我的臉迅速紅了起來,一直紅到耳朵根,不能說是害羞,更多的是愧疚,比考不及格更加的愧疚——他是那么的信任我,即使是高三復習階段的不及格,他也堅定地相信他的小貓的人生軌跡不會因為成績而產生更多不必要的改變,所以他才會因為我的自卑生氣,才會在短短幾分鐘就把剛才的事情放下,權當無事發生。
但是我呢,因為一次不及格就對自己產生了懷疑,擔心被他拋棄。這是回應這份信任的態度嗎,我有對主人完全的信任嗎?
體內的跳蛋一反常態的安靜,但我卻顫抖著伏在桌上泣不成聲。
他該罰我的,不是因為成績,而是因為寵物守則的最重要的一條:寵物必須絕對信任自己的主人,主人所做的一切都是為了自己好。
腦后的頭發被毫不留情的扯起來向后拽,我順著力道抬起臉,淚花還在眼眶里打轉。我看不清他的表情,嘴唇卻立刻被他吻住,一只手捏住我的臉頰,舌頭放肆的侵略著還在打顫的口腔,牙齒在唇上咬下,留下道道紅腫。這個吻暴力而持久,直到我眼前好像有星星閃爍、陣陣發黑才停下。
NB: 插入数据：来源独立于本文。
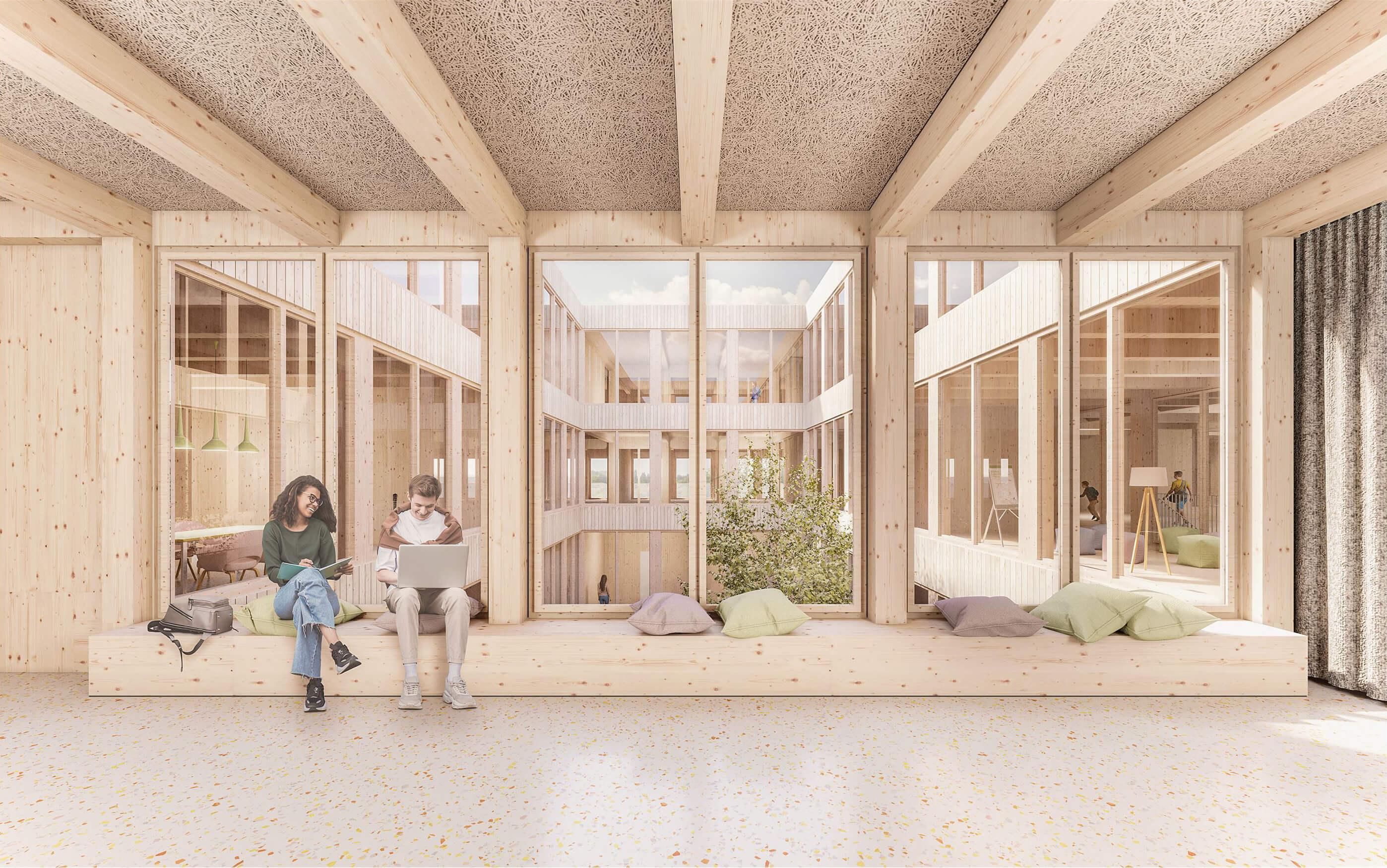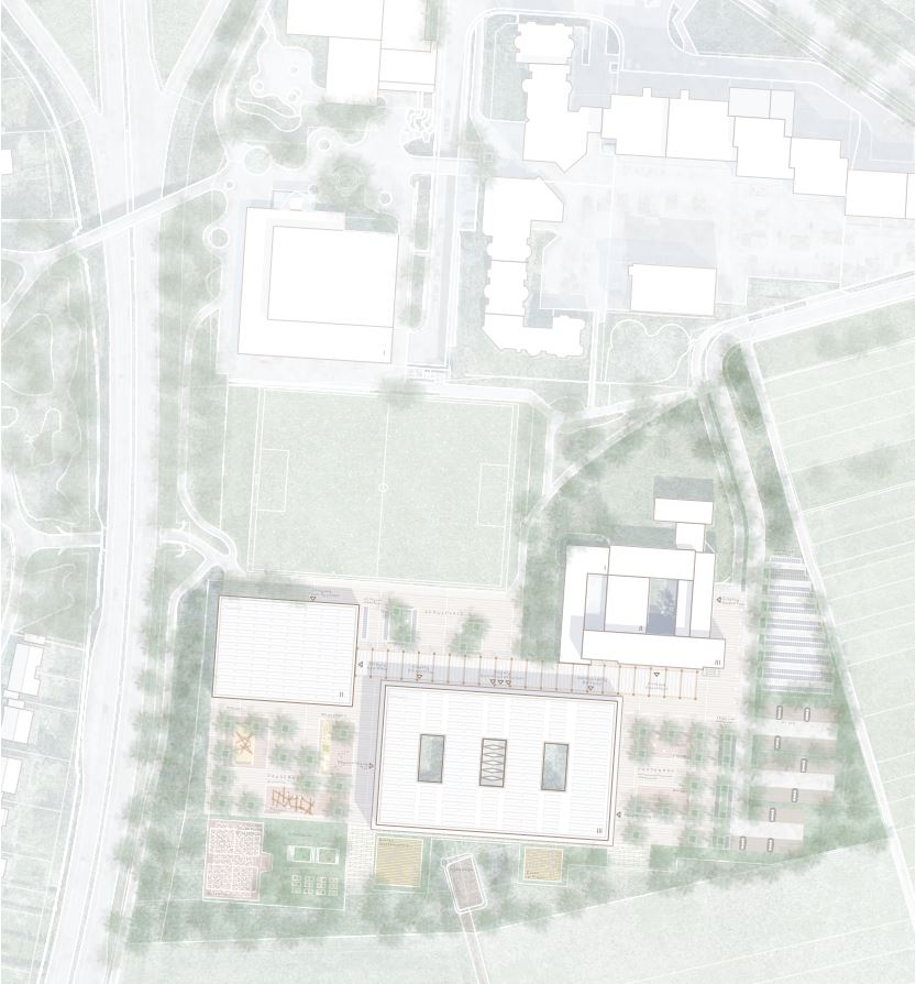 The existing school building will be extended by a three-story school building and the new gymnasium to form a clearly structured campus ensemble. The existing building will thus become an integral part of the future urban planning order. The three structures, which are offset against each other, are connected by an elongated pergola and yet the permeability from the address-forming north side to the adjacent landscape area to the south is preserved. The chosen arrangement results in three clearly dedicated and spatially defined open spaces. In the southwest the free play area for the elementary school, in the southeast the schoolyard of the community and secondary school and in the north a common address-forming forecourt, in which all three buildings participate. The existing path connections from the west, north and east are taken up and interwoven with the new situation.
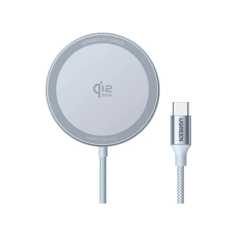 Cargador de Móvil Ugreen 55959 MagFLow, cargador inalámbrico para smartphone con alimentación USB, tipo auto y potencia máxima 25 W, color gris

本來止住了的淚水又涌了出來,我劇烈的喘息著,感到臉頰有些僵硬,嘴唇被刺痛感包裹著,想來應該又紅又腫。
他的手溫柔的撫上我的臉頰,拭去一臉的眼淚鼻涕口水。
我漸漸止了淚,看清顧風看不出情緒的臉。
“主人……”聲音哽咽著。我想解釋,我想道歉,我想求他責罰,我想感謝他的信任。
我想他是聽懂了的,因為我看到他勾起嘴角,在我眼前把手中的遙控器一格一格推上了最高檔。
“給你一個小時,訂正錯題,不會的自己翻書。”話畢,他把遙控器隨手丟到床上,坐回椅子上,拿起手邊的書,不再看我。
這哪是開卷就能解決的問題!被他調教的敏感無比的身體在跳蛋開始震動的瞬間就開始分泌愛液。雖然自己放的跳蛋并沒有精準抵在敏感點,卻也足以讓我在最高檔的震動下縮成一團幾乎動彈不得。
他懶懶的抬眼,把我的窘態完整收入眼底:“訂正完還扣了多少分就罰多少鞭。”
我的瞳孔瞬間放大,趕緊掙扎著撐起身體,艱難的握住筆,幾乎是一秒一顫地讓筆尖在紙上移動。那字跡,抖得幾乎我自己都認不出來。
然而我別無選擇,我只能憑著毅力努力把字控制在能看懂的程度,只能強行咬牙忍下體內的燥熱和抽搐。
沒有一個小時比這個小時更難熬,也沒有一個小時比這個小時過得更快。
當顧風淡淡的說出“時間到”的時候,我還在和最后一道該死的物理題斗智斗勇。沒辦法啊,不會就是不會,數理化哪里是開卷就能解決的問題。
我頹然放下筆,以奔赴刑場的態度把卷子交到了他手上,認命地跪在他腳邊。
“不順利?”他沒看卷子,先看向了我。
“嗯。”我低著頭,不敢和他對視。
“不對。”他說。
啊?什么不對?我的大腦飛速運轉,剛大量死去的腦細胞再次被我無情的壓榨著。
“是的,主人。”我抬起頭,跪的端正。
“乖。”他的嘴角勾起一絲笑意,伸手揉了揉我的腦袋,“去把遙控器拿過來。”隨后收回了視線,看向了手中的試卷。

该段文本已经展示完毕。